Of the 17 regression analyses, 10 parts have a zero terminal cost. Their learning rates are shown in Table 2. The range from best to worst goes from 84 to 98% with an average of 92%. The learning rates of the other seven parts are not as meaningful because of the plateau effect as discussed earlier. However, for comparison, the average pseudo-learning rates were calculated as shown in Table 3. These learning curve ranges are wider than the published range of 85 to 88% for purchased parts (Stewart et al., [15]). While the published range is slightly outdated because of the automation advancements, it nevertheless provided the basis for price negotiations with suppliers. Automation has been shown to reduce the amount of learning possibility.

#### 6. Conclusions

It is evident that the learning curve is a helpful tool for part purchasing negotiations. In most cases, the curve fits well with the supplier pricing quotations, assuming the fixed and variable costs dominated. In the case where the fit is not as smooth, it could be caused by the quasifixed cost or step variable cost in the supplier pricing analysis.

The generalized learning curve provides two extra degrees of freedom to handle the initial purchase quantity variation and the law of diminishing return issue. The regression gives the first unit cost and the terminal cost, which can be viewed as the total (fixed plus the variable) cost, and the variable cost, respectively.
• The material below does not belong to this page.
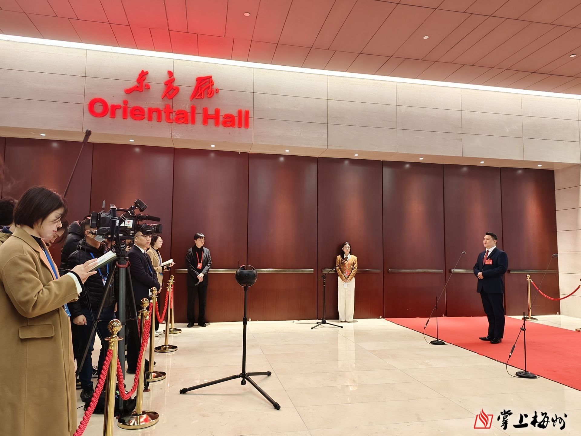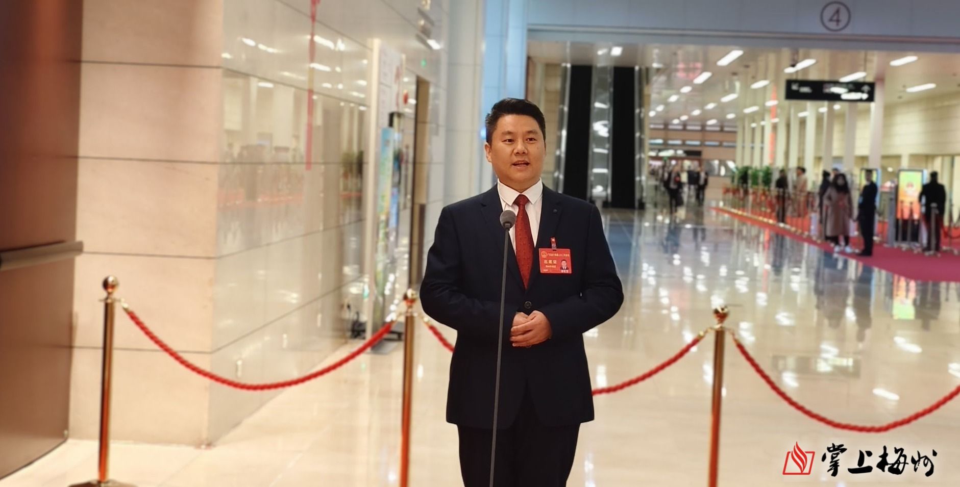 掌上梅州讯 通民意,道自信。1月24日上午,广东省十四届人大二次会议第二场“代表通道”开启。省人大代表、广东汉剧传承研究院展演部副主任潘智勇作为踏上“代表通道”的梅州代表,与其他5名人大代表一起接受媒体集中采访。

Normally, it is not a good idea to extrapolate to the two ends significantly beyond the supplier quotation range. This concern is supported by 10 out of 17 parts that have a zero terminal value, a surrogate for the variable cost. Nevertheless, the insights extracted are valuable.

Early on with the company, almost all supplier quotations were single point in nature for JIT purchases. Price elasticity of parts was not apparent, which made negotiations contentious and difficult. By doing the essential cost and elasticity study upfront, negotiations can become win-win for both parties. The supplier can win by openly discussing cost saving measures and potential business opportunities, such as gainsharing.
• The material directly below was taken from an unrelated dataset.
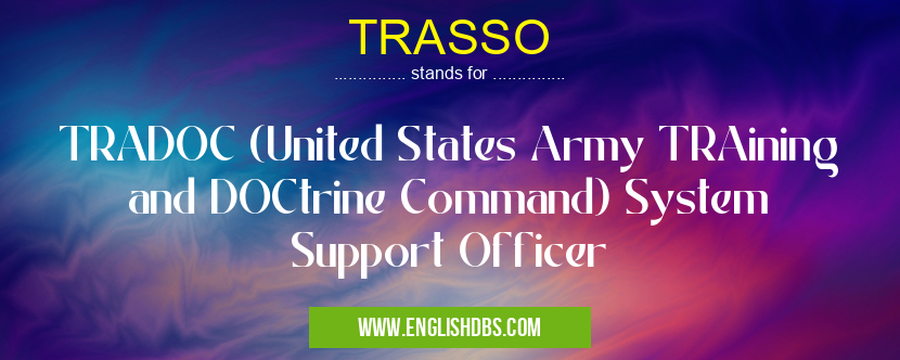 TRASSO mostly used in an acronym Military in Category Governmental that means TRADOC (United States Army TRAining and DOCtrine Command) System Support Officer

The practice of lean manufacturing has been proven to be a crucial competitive advantage. The lean supply chain is a newer concept. Companies need to share information and coordinate demand forecasts, production planning, and inventory replenishment with suppliers. Progressive companies strive to build a highly collaborative business environment and may want to consult with their suppliers on business best practices.
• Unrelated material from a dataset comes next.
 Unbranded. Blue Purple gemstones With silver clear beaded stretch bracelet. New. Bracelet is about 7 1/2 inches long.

Additionally, lean means doing one’s own homework and minimizing the nonvalue added burdens on the suppliers. Very often and truly believing “the customer is always right,” companies can place unreasonable demands on suppliers resulting in unnecessary (throw away) activities. The erosion of supplier profit margins may negate any potential for cost reduction negotiations.

With a “lean supply chain” approach, like the work documented in this paper, promise for a win-win approach in purchasing relationships is clearly feasible. One supplier was willing to drop the price of a part by 50% with a small packaging change. Many suppliers reduced their price to be on par with a should-cost analysis and/or with published learning rates. Yet, there were some suppliers who would not budge due partially to being the only game in town, financial demands (returns), or corporate culture. Overall, a 20% system cost reduction, purely through “purchasing,” was achieved for a fuel cell product in production.